Он отошел от них, и Эмма взглянула на Дронго, словно ожидая поддержки своей позиции. Но Дронго оказался еще более жестоким.
– Она могла сначала дать молоко дочери, а потом использовать эту чашку уже в других целях, – проговорил он.
– Не может быть. Тогда нужно согласиться, что именно моя старшая сестра отравила сначала свою свекровь, а затем и жену своего бывшего воздыхателя.
– Он не только воздыхатель, но еще и отец девочки. А теперь ответьте мне честно и прямо: Герман действительно знал, что это не его дочь? Только честно.
– Моя сестра не стала бы его так нагло обманывать, – ответила Эмма. – Она сразу сказала Герману, что связь с Арнольдом была ее ошибкой. Минутная слабость, за которую она была вынуждена расплатиться. Врачи не разрешили ей делать аборт. И она все рассказала Герману. Он удочерил девочку, дал ей свою фамилию. Конечно, он все знал, иначе не было бы смысла им жить вместе.
– А остальные члены семьи знали?
– Не должны были знать, но, по-моему, знали. Наверно, Герман кому-то из них шепнул правду. Либо матери, которую очень любил, либо своей сестре. А те уже передали друг другу. Я иногда думаю, что, возможно, поэтому Марта ненавидела мою сестру. Возможно, ей не нравилась сама мысль, что ее сын должен растить чужого ребенка, не имея шансов на рождение собственного. Анне врачи раз и навсегда запретили рожать, первые роды у нее были очень тяжелые. Наверное, Марте все это не нравилось. И тут я ее как раз понимаю. Кому понравится то, что твой сын женат на женщине, умудрившейся родить от чужого мужчины. Конечно, нелепо и очень стыдно. Но так все получилось, и Герман проявил благородство, поняв, что Анна не собирается изменять ему в будущем.
– У вас в семье сложные взаимоотношения, – покачал головой Дронго, – просто непонятно, как гроза не разразилась раньше. Здесь все так сильно не любили друг друга.

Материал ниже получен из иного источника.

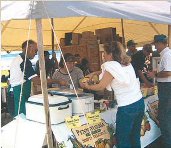
At Pennsylvania State University's Ag Progress Days, Bt sweet corn was offered to consumers alongside corn labeled as "IPM" (grown using integrated pest management), along with informational brochures.

know, are there any foods produced through biotechnology in the supermarket now?" Over the years, "Yes" responses ranged from 33% to 43%. Although this proportion may seem low, given that roughly two-thirds of the items available at food retailers contain GE ingredients, 33% is a fairly high proportion for this type of question relative to other studies (perhaps because of the use of "biotechnology," which refers to a broader range of practices relative to "genetic engineering"). In the 2001 Pew study, only 19% said they had eaten GM foods, 62% said they had not and 19% did not know. When asked how many foods in a typical American grocery store they thought were genetically modified, only 14% of the 2001 Pew respondents thought that over half of the foods contained such ingredients.

– Обычная семья, – усмехнулась Эмма, – в других отношения бывают ничуть не лучше. Родственники обычно не любят друг друга, расходятся, разводятся, разругиваются. Делят имущество. Дети уходят от родителей. Родители отказываются от детей. Братья и сестры не общаются годами. Это наша цивилизация в новом веке! – несколько патетически воскликнула Эмма. – Что вы еще хотите? Герман и Анна хотя бы нормально живут друг с другом. А я не смогла даже этого сделать, и мне пришлось пойти на окончательный разрыв с моим благоверным. Что тоже, наверно, не самый лучший вариант в семейной жизни.
– У него есть родители?
– Конечно. И мать, и отец. Только мой муж с ними вообще не общался. Я даже не знаю, что лучше. Общаться так тесно со своей матерью, как Герман, или вообще не общаться, как мой муж. За пять лет своего замужества я видела их не больше трех-четырех раз. Правда, они живут на севере страны, в небольшом городе рядом с Гамбургом, но все равно можно было навещать их гораздо чаще. Однако мой муж считал правильным справляться об их жизни, здоровье один раз в несколько месяцев. Как, впрочем, и они по отношению к нему. Для нас, прибывших из Казахстана, где помнили своих родственников до седьмого колена и троюродных братьев и сестер считали близкими родственниками, все это казалось на первых порах диким и невозможным. А потом мы привыкли. Люди живут так, как им нравится жить. Никого нельзя переделать или заставить измениться по собственному желанию. Здесь совсем другие нравы и другие порядки. Я даже думаю, что отношения Марты с детьми были выстроены таким образом именно потому, что они были не стопроцентными немцами. То есть не родились здесь и не приняли законы отчуждения с детства. Иногда родители и дети не видятся годами. И годами не звонят друг другу. Мы с Аней общаемся каждый день. И если не позвоним друг другу, то сразу начинаем беспокоиться. Но в Европе свои правила и свой менталитет.